▶ **Exercise prompt**: This exercise calls for retyping every line below exactly, with the images omitted.

▶ **Raw data**:
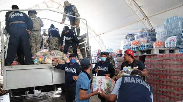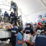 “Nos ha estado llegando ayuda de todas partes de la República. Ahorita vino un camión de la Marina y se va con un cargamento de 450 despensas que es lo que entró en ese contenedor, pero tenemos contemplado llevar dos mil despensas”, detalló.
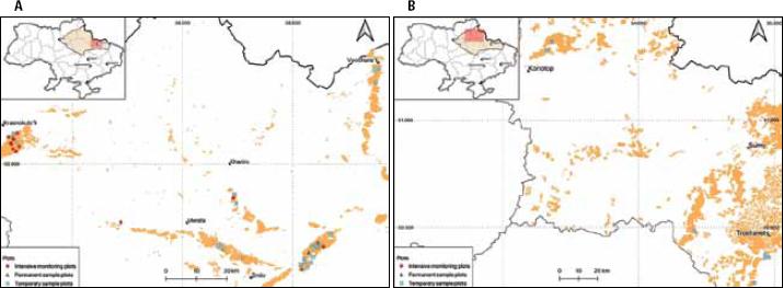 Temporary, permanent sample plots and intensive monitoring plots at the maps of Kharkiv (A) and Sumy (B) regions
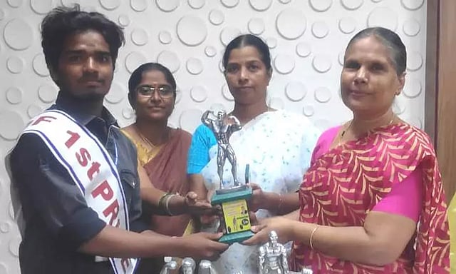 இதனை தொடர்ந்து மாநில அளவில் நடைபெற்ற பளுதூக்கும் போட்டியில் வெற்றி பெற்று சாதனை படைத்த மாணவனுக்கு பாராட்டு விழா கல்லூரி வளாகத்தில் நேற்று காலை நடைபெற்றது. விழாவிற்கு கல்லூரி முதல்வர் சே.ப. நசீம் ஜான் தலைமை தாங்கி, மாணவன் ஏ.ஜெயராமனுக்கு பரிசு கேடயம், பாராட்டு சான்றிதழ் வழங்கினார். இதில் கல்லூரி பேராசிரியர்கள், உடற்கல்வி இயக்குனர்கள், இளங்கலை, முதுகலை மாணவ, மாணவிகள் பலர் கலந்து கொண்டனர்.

▶ **Task solution**:
 “Nos ha estado llegando ayuda de todas partes de la República. Ahorita vino un camión de la Marina y se va con un cargamento de 450 despensas que es lo que entró en ese contenedor, pero tenemos contemplado llevar dos mil despensas”, detalló.
 Temporary, permanent sample plots and intensive monitoring plots at the maps of Kharkiv (A) and Sumy (B) regions
 இதனை தொடர்ந்து மாநில அளவில் நடைபெற்ற பளுதூக்கும் போட்டியில் வெற்றி பெற்று சாதனை படைத்த மாணவனுக்கு பாராட்டு விழா கல்லூரி வளாகத்தில் நேற்று காலை நடைபெற்றது. விழாவிற்கு கல்லூரி முதல்வர் சே.ப. நசீம் ஜான் தலைமை தாங்கி, மாணவன் ஏ.ஜெயராமனுக்கு பரிசு கேடயம், பாராட்டு சான்றிதழ் வழங்கினார். இதில் கல்லூரி பேராசிரியர்கள், உடற்கல்வி இயக்குனர்கள், இளங்கலை, முதுகலை மாணவ, மாணவிகள் பலர் கலந்து கொண்டனர்.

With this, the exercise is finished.